> [Stored items]
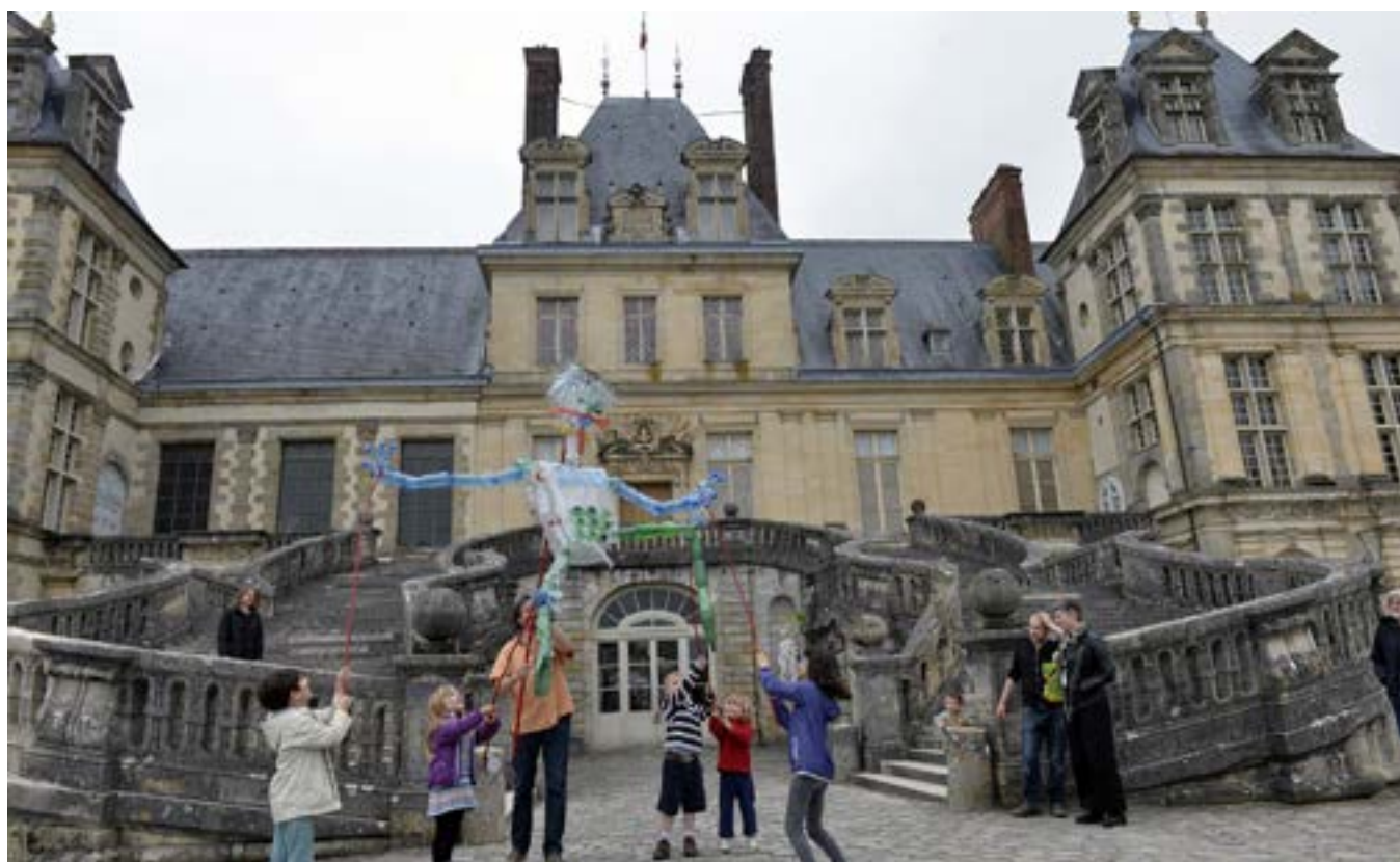
Ateliers pédagogiques- 6 e édition du Festival de l'histoire de l'art

Des visites et des ateliers de pratique artistique seront proposés aux familles et au jeune public sur les thèmes de la nature et des États-Unis. Les familles pourront notamment participer à des visites guidées entre conte et mythologie : « La ménagerie Royale », « Paroles d'arbres » ou encore « Mythes et forêt ». Des ateliers permettront également aux plus jeunes de s'initier au modelage, au Land art, et à la peinture végétale grâce à des animateurs du Muséum national d'histoire naturelle. Comme en 2016, une marionnette géante conçue et réalisée par des élèves pourra être manipulée à travers les cours et jardins par les enfants. Le célèbre jeu de paume de Fontainebleau proposera des démonstrations et des initiations au « jeu des rois, roi des jeux ». Un stand maquillage sera ouvert à tous les enfants qui pourront également louer des costumes dans les espaces d'accueil du château. Enfin, un livret-jeux spécialement conçu pour l'occasion sera offert aux enfants qui voudront découvrir de façon ludique l'extérieur du château.
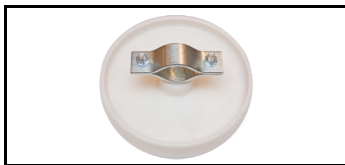
Räder 35BH013 1528853
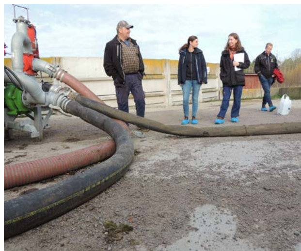
Deltagare på kursen Stallgödselspridning i teori och praktik ute i fält den 24 oktober utanför Mjölby.

Vi håller underlaget till Greppa Näringens rådgivningar uppdaterat på webbplatsen för rådgivare. Ungefär 20 av de 35 rådgivningssidorna på webbplatsen har fått nytt eller uppdaterat material under året. Läs mera om våra rådgivningar och underlagsmaterial på adm.greppa.nu/ . Vi har flera samarbeten med andra projekt inom Jordbruksverkets rådgivningsenhet, såsom Växtskyddscentralerna vilka hjälper oss med rådgivning om växtskydd, projektet Vattenhushållning håller i rådgivningar om vattenfrågor och Minskad energi- och klimatpåverkan, i rådgivningar om energikartläggning.
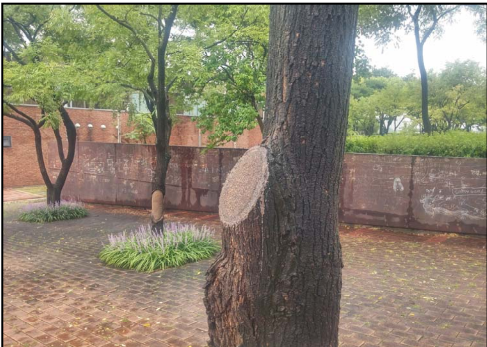
외과 수술 후
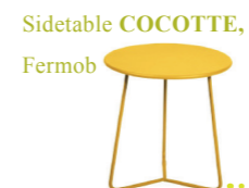
Sidetable COCOTTE , Fermob

> [Task directions]
Return all the data exactly, and keep the pictures out.

> [Response to this exercise]
Ateliers pédagogiques- 6 e édition du Festival de l'histoire de l'art

Des visites et des ateliers de pratique artistique seront proposés aux familles et au jeune public sur les thèmes de la nature et des États-Unis. Les familles pourront notamment participer à des visites guidées entre conte et mythologie : « La ménagerie Royale », « Paroles d'arbres » ou encore « Mythes et forêt ». Des ateliers permettront également aux plus jeunes de s'initier au modelage, au Land art, et à la peinture végétale grâce à des animateurs du Muséum national d'histoire naturelle. Comme en 2016, une marionnette géante conçue et réalisée par des élèves pourra être manipulée à travers les cours et jardins par les enfants. Le célèbre jeu de paume de Fontainebleau proposera des démonstrations et des initiations au « jeu des rois, roi des jeux ». Un stand maquillage sera ouvert à tous les enfants qui pourront également louer des costumes dans les espaces d'accueil du château. Enfin, un livret-jeux spécialement conçu pour l'occasion sera offert aux enfants qui voudront découvrir de façon ludique l'extérieur du château.
Räder 35BH013 1528853
Deltagare på kursen Stallgödselspridning i teori och praktik ute i fält den 24 oktober utanför Mjölby.

Vi håller underlaget till Greppa Näringens rådgivningar uppdaterat på webbplatsen för rådgivare. Ungefär 20 av de 35 rådgivningssidorna på webbplatsen har fått nytt eller uppdaterat material under året. Läs mera om våra rådgivningar och underlagsmaterial på adm.greppa.nu/ . Vi har flera samarbeten med andra projekt inom Jordbruksverkets rådgivningsenhet, såsom Växtskyddscentralerna vilka hjälper oss med rådgivning om växtskydd, projektet Vattenhushållning håller i rådgivningar om vattenfrågor och Minskad energi- och klimatpåverkan, i rådgivningar om energikartläggning.
외과 수술 후
Sidetable COCOTTE , Fermob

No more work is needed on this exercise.